At the big field at Druid Hill Park set aside for the main stage for this year’s AFRAM, what action there was took place at the fringes.
On one side were vendors selling shea butter products and African-themed crafts and jewelry.
On the other side were the city agency tents, including one staffed by Baltimore police officers hoping to drum up new recruits for the force.
By mid-afternoon yesterday, only about 100 people stood in front of the stage at the far end where an exuberant children’s dance group and an eloquent spoken-word poet were performing.
The desultory activity encircled a huge, hot, green expanse devoid of people.
“Well, it’s a lot of space so I guess the idea is everybody can spread out and kids can run around,” said Al Carroll, 50, a drywall finisher. “Maybe it’ll catch on more next year. I’ll bring my grand-kids.”
Relocated to the park this year by the new administration of Mayor Catherine Pugh and reduced from two days to one, AFRAM 2017 had nothing resembling the crowds that jammed the African American Festival in recent years.
When the event was a two-day affair held downtown at Camden Yards, it attracted national acts and what organizers said was about 200,000 people.
This year, city officials estimated that only 3,000 to 4,000 were in attendance.
“I’m not liking it. This is a joke, [Mayor] Pugh,” Reggie Washington, 29, said, walking along a park-road-turned-carnival-midway.
“AFRAM was cool. This is like a church picnic or a not-very-good block party. We already got those,” he concluded.
Models and a Moonbounce
Activities arrayed along park’s paths varied.
There was a U.S. Army exhibit where kids and adults were challenged to perform push-ups and could get personalized dogtags.
Children ricocheted inside a moonbounce. HIV tests, blood pressure measurements and other health screening were offered.

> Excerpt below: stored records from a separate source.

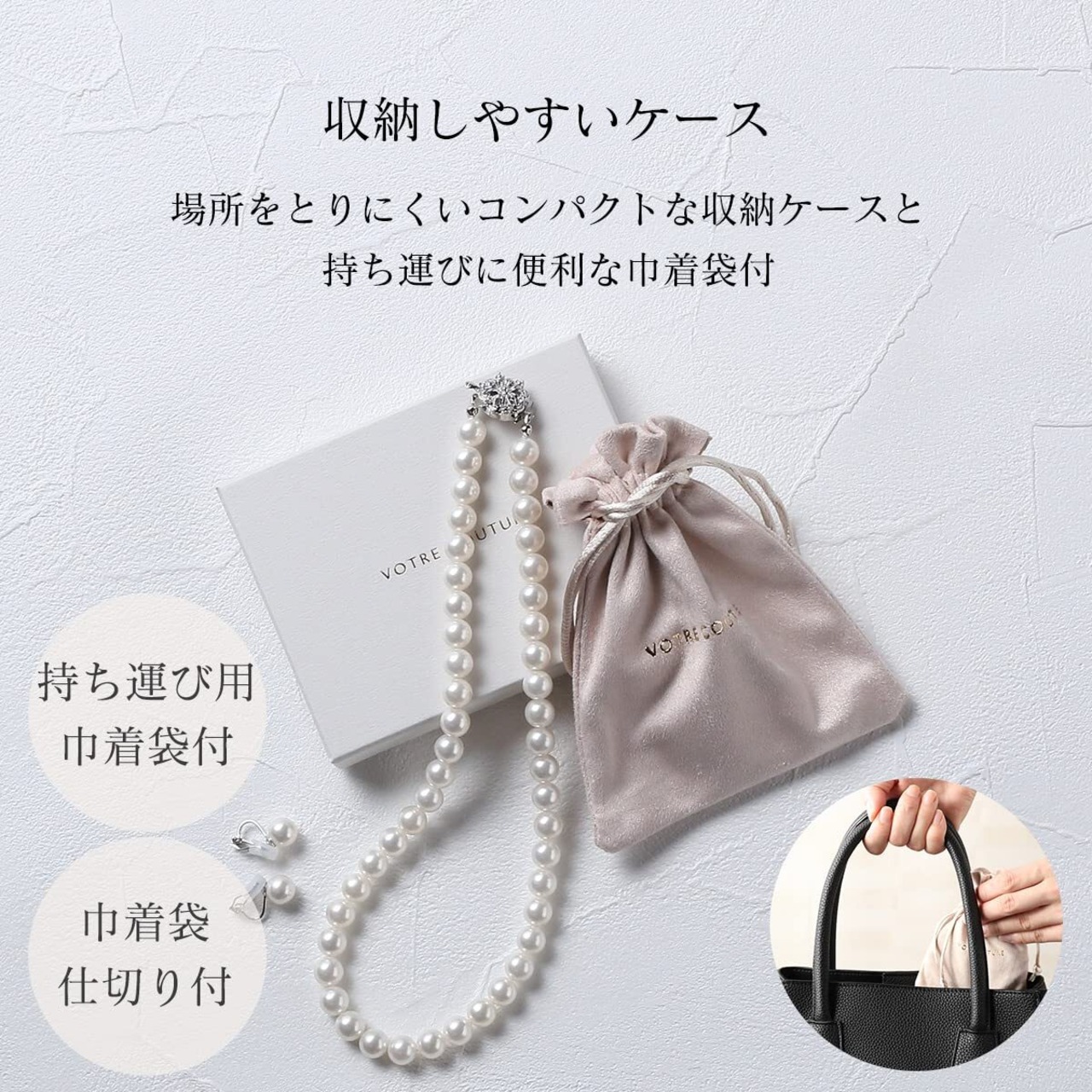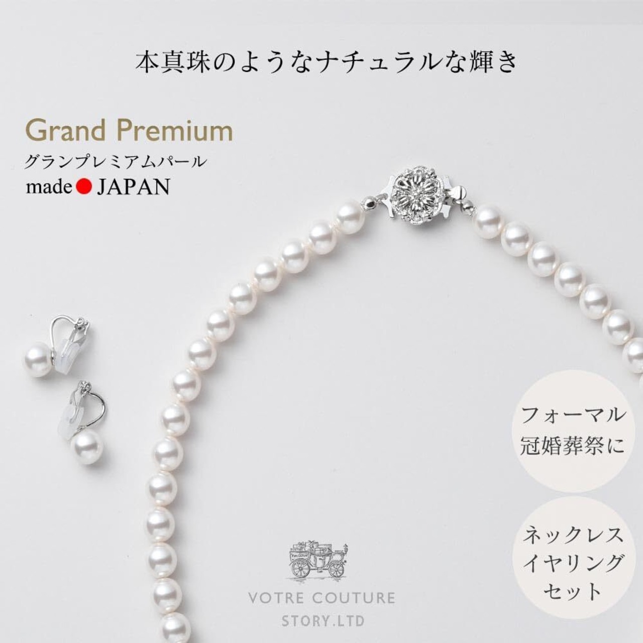 [VOTRE COUTURE] パール ネックレス 高級国産 グランプレミアム 真珠 冠婚葬祭用 8mm 42cm ホワイト イヤリング ブランド3年
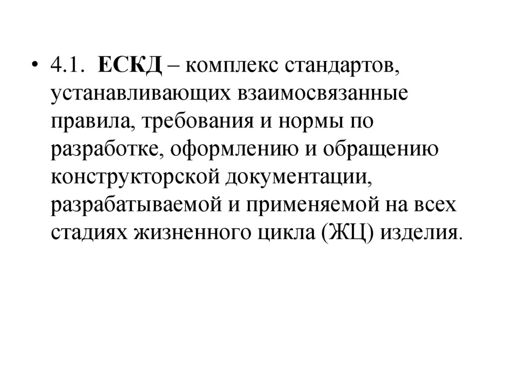 • 4.1. ЕСКД – комплекс стандартов,устанавливающих взаимосвязанные
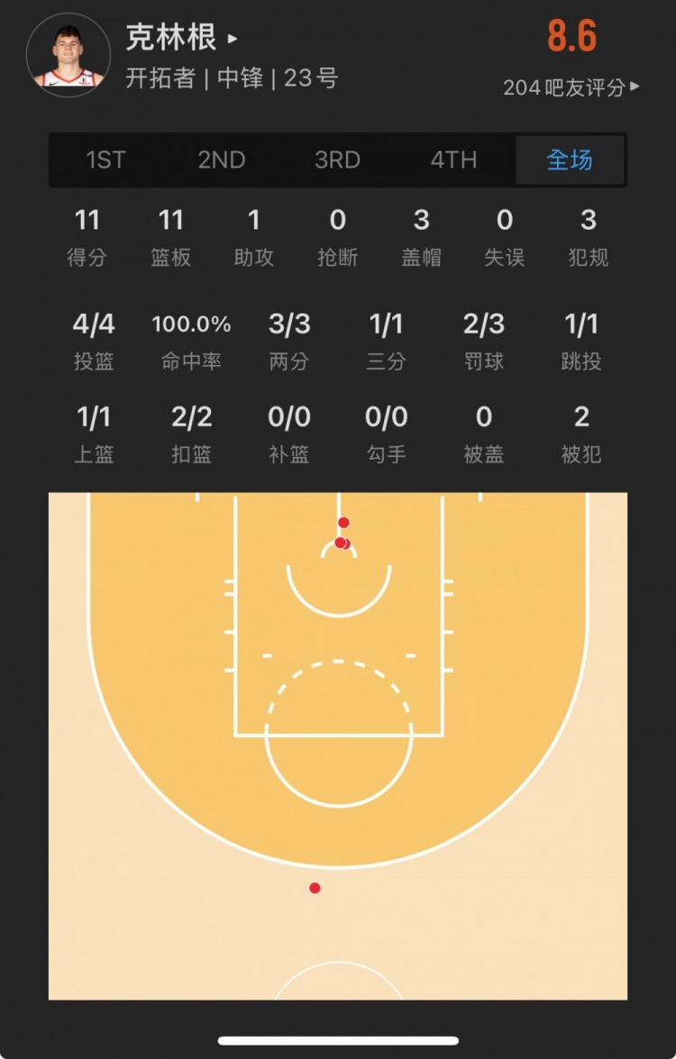 除特別注明外,本站所有內(nèi)容均為九球直播整理排版,轉(zhuǎn)載請(qǐng)注明出處:【菜鳥】克林根11分11板3帽 29號(hào)秀科利爾8分9助 狀元里薩謝5分
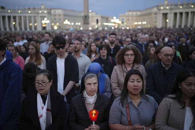 Personas se reunieron en la Plaza de San Pedro esta noche tras la muerte del papa Francisco para honrar su memoria, colocando flores y velas en varios monumentos de la zona.
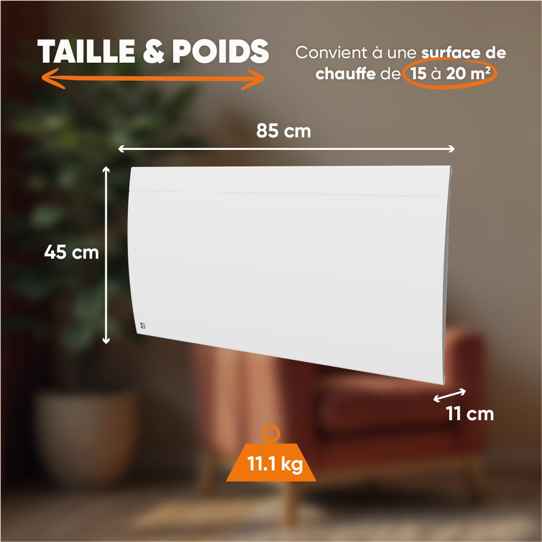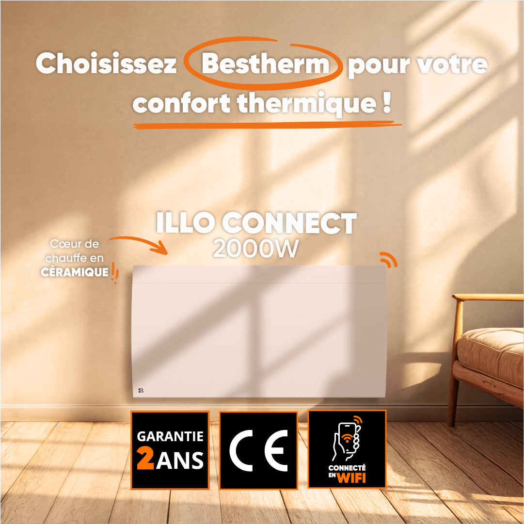 Libellé Radiateur électrique fixe connecté WIFI à inertie sèche céramique 2000W Bestherm ILLO CONNECT horizontal blanc

At a stage set up in a wooded area, there was a fashion show featuring both women in shiny, slinky dresses and high heels and kids in what looked like back-to-school wear. Relief from the sun and Michael Jackson music attracted a small crowd and some dancing.
Pugh has described the downsizing as an effort to save money and make the event, a 40-year-old tradition in Baltimore, more family friendly.
Not Enough Swagg
Greg “Swagg” Cosom wasn’t buying it.
“AFRAM has always had family stuff,” said Cosom, a fitness trainer and wellness coach.
“There were smaller stages for local kids, but it was more tight-knit than this, you could find things, you would run into people you knew.”
Compared to previous AFRAMs he has attended, this year’s was “unorganized,” he said, and the crowd was skimpy.
“And you can’t find anything,” Swagg fumed. “Before it was downtown by transit stops. And it had the big music acts, too. It made sense.”
Not everyone was so down on the event.
Mae Beads, a 74-year-old substitute teacher, was eating lunch at a picnic table listening to the poetry and music coming from about a football field’s length away.
“I like it being here at the park,” she said. “People can sit on the grass. You got kids playing football. It feels like a family thing. You meet people.”
Sharing the table with Beads, and lunching on chicken curry and oxtail stew, were two people she had just met who told her they were originally from Guyana.
“It feels maybe a little safer here,” said Roxanne Marsh, 55, of Rockville, who was with Leroy Halliman, 62, of Prince George’s County.
Carroll said he hoped the event would be returned to two-days rather than one (“It should really be a week”). He wondered if the mayor’s venue switch might have been an effort to harken back to when AFRAM had was at Druid Hill Park.
“It seemed to work then,” he said before adding, “though that was a different era.”